─── LISTED ENTRIES
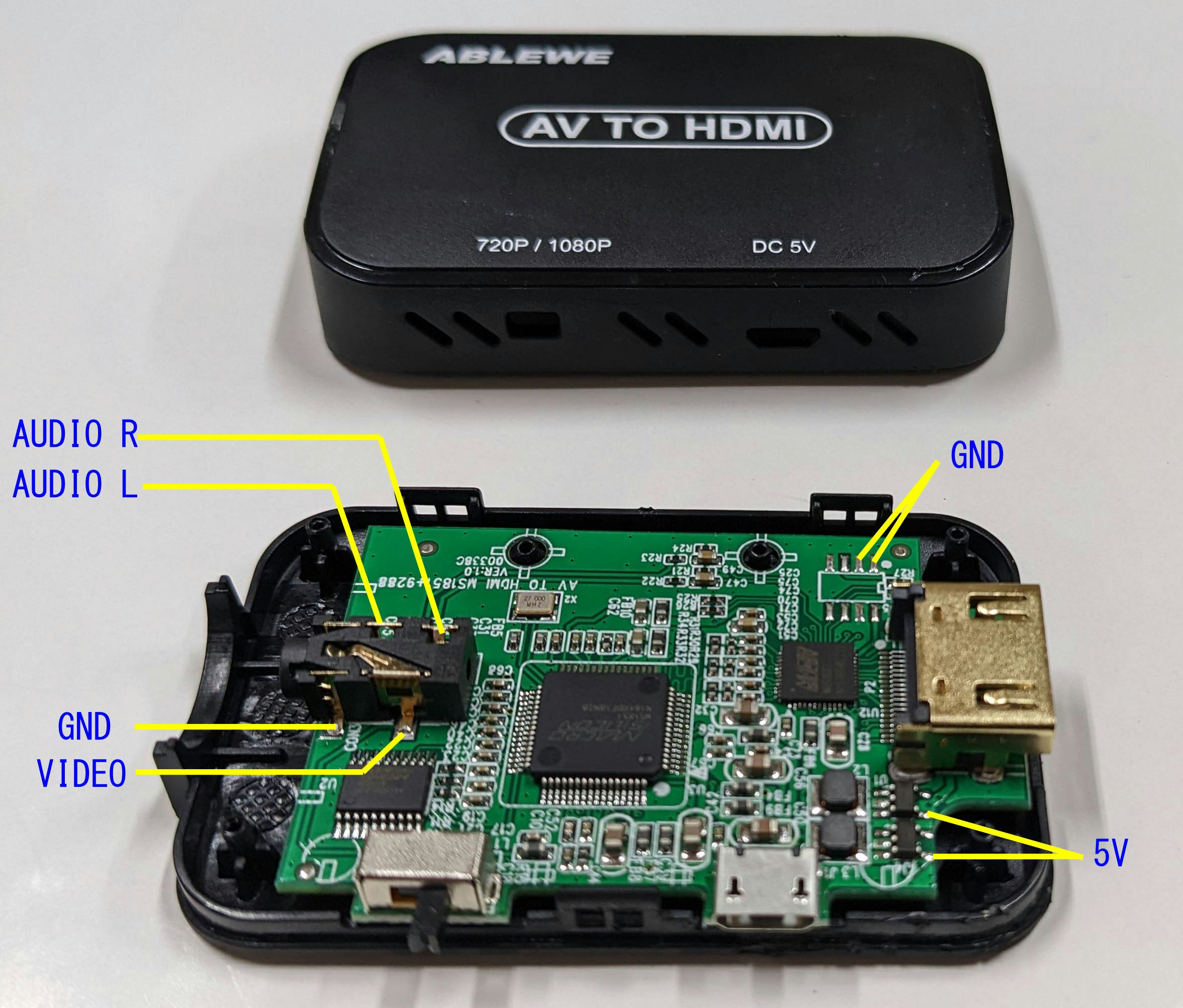 ABLEWE RCA to HDMI 変換コンバーターの場合の、配線は下記のようになります。
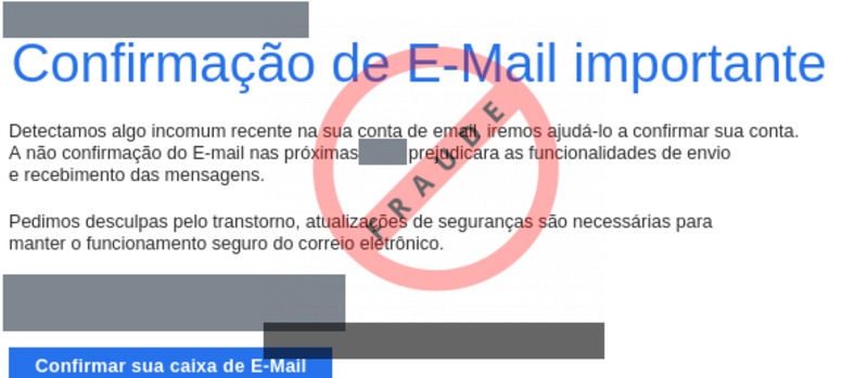 ############################################################################### # !!! ATENCAO !!! ATENCAO !!! ATENCAO !!! ATENCAO !!! ATENCAO !!! ATENCAO !!! # # # # O TEXTO ABAIXO FOI TRANSCRITO A PARTIR DE UMA FRAUDE CADASTRADA EM NOSSOS # # SISTEMAS ATRAVES DA COLETA DE DADOS NA INTERNET E/OU CONTRIBUICAO DE # # PARCEIROS E/OU USUARIOS. # # # # EM CASO DE DUVIDAS ENTRE EM CONTATO ATRAVES DO EMAIL: cais@cais.rnp.br # # # # OBRIGADO. # # # # CENTRO DE ATENDIMENTO A INCIDENTES DE SEGURANCA (CAIS) # # REDE NACIONAL DE ENSINO E PESQUISA (RNP) # ############################################################################### <ID> - <ID> Confirmação de E-Mail importante Detectamos algo incomum recente na sua conta de email, iremos ajudá-lo a confirmar sua conta. A não confirmação do E-mail nas próximas <HORAS> prejudicara as funcionalidades de envio e recebimento das mensagens. Pedimos desculpas pelo transtorno, atualizações de seguranças são necessárias para manter o funcionamento seguro do correio eletrônico. Data: <DIA>, <DATA> <ID> Confirmar sua caixa de E-Mail
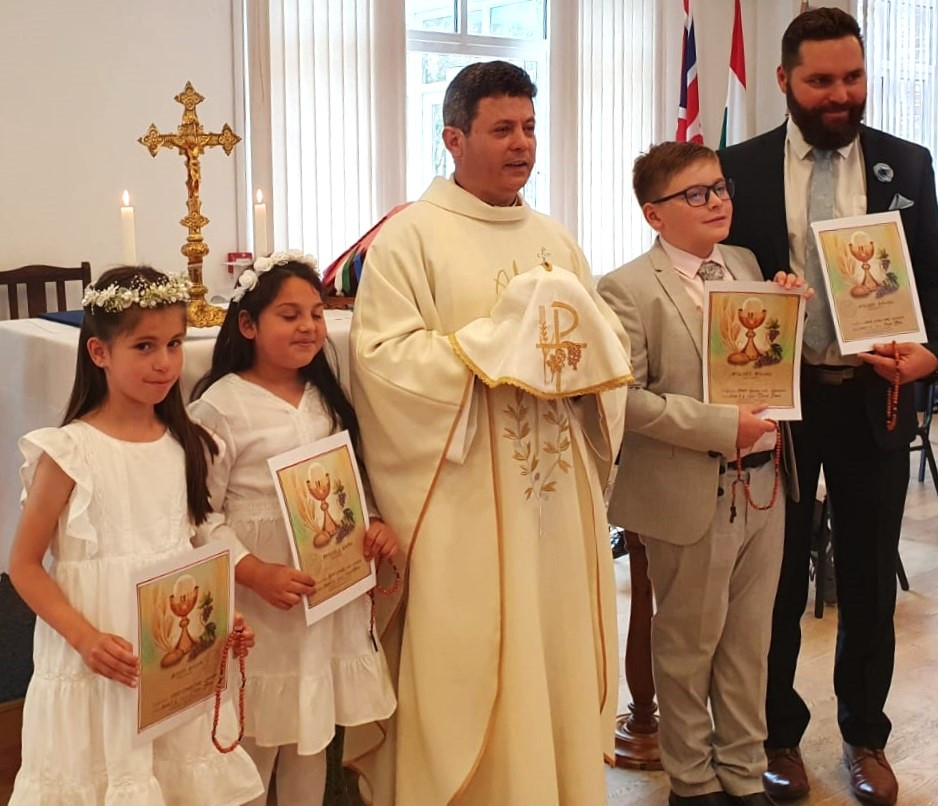 „Az Úr Jézus, aki jelen van az Oltáriszentségben, ma is tud csodát tenni, hiszen az elsőáldozók között fiával együtt egy édesapa is magához vehette az örökélet zálogát – számolt be Csicsó János angliai magyar főlelkész.
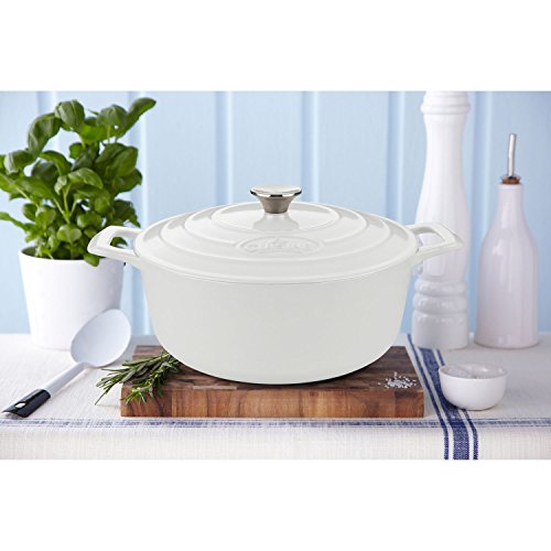 La Cuisine's Round 3.7 Qt. Cast Iron Casserole can be used to rustle up all sorts of mouth-watering dishes cooked on the stovetop or in the oven. La Cuisine's cast iron cookware is crafted using sand molds, which are used only once, forging a lighter product with a very fine enamel finish that is truly unique. Wonderfully versatile, La Cuisine's round casseroles are suited to the oven and all cooktops, including induction. Food heats through evenly and remains hot until served. The non-toxic cream enamel interior surface gives excellent food release that improves through continued use, and is simple to clean – just wash in warm water. Whatever your skill level, La Cuisine is perfect for no-fuss, healthy cooking and looks great as it goes straight from cooking on the stovetop or in the oven to serving at the table or buffet (our trivets, sold separately, are recommended for table/buffet use).Feature
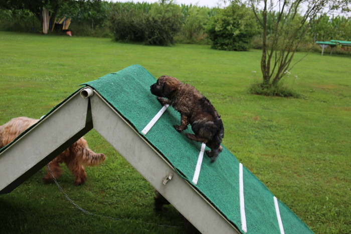 Briardrüden aus unserem L Wurf und ihre Tochter Janine einen Gos Rüden aus unserem C Wurf.
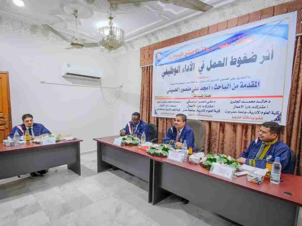 وناقش الباحث الحسيني، اليوم الخميس، أطروحته الموسومة ب "أثر ضغوط العمل في الأداء الوظيفي" دراسة حالة [ العاملين الإداريين لدى ديوان محافظة عدن].
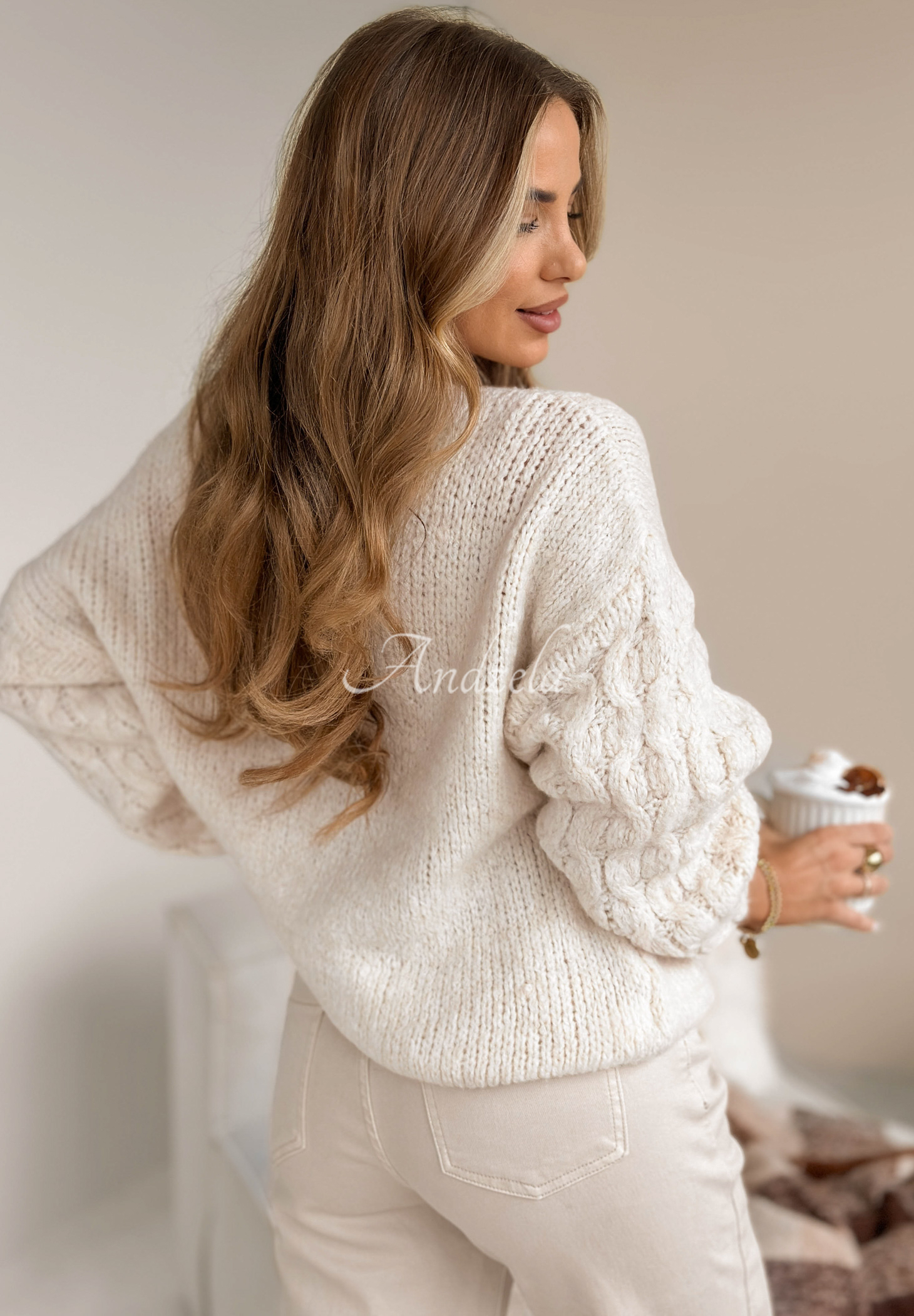 Pulover cu croială ușor oversize, confecționat din material elastic cu adaos de lână și viscoză. Model cu decolteu rotund, care se remarcă prin mânecile împletite. Atât partea de jos, cât și mânecile sunt finisate cu manșete elastice.
──────
* TASK BRIEF
Return the opening line of the data above and every line after it up to and including the line that holds "caixa de E-Mail"; pictures stay out.

* EXERCISE RESULT
 ABLEWE RCA to HDMI 変換コンバーターの場合の、配線は下記のようになります。
 ############################################################################### # !!! ATENCAO !!! ATENCAO !!! ATENCAO !!! ATENCAO !!! ATENCAO !!! ATENCAO !!! # # # # O TEXTO ABAIXO FOI TRANSCRITO A PARTIR DE UMA FRAUDE CADASTRADA EM NOSSOS # # SISTEMAS ATRAVES DA COLETA DE DADOS NA INTERNET E/OU CONTRIBUICAO DE # # PARCEIROS E/OU USUARIOS. # # # # EM CASO DE DUVIDAS ENTRE EM CONTATO ATRAVES DO EMAIL: cais@cais.rnp.br # # # # OBRIGADO. # # # # CENTRO DE ATENDIMENTO A INCIDENTES DE SEGURANCA (CAIS) # # REDE NACIONAL DE ENSINO E PESQUISA (RNP) # ############################################################################### <ID> - <ID> Confirmação de E-Mail importante Detectamos algo incomum recente na sua conta de email, iremos ajudá-lo a confirmar sua conta. A não confirmação do E-mail nas próximas <HORAS> prejudicara as funcionalidades de envio e recebimento das mensagens. Pedimos desculpas pelo transtorno, atualizações de seguranças são necessárias para manter o funcionamento seguro do correio eletrônico. Data: <DIA>, <DATA> <ID> Confirmar sua caixa de E-Mail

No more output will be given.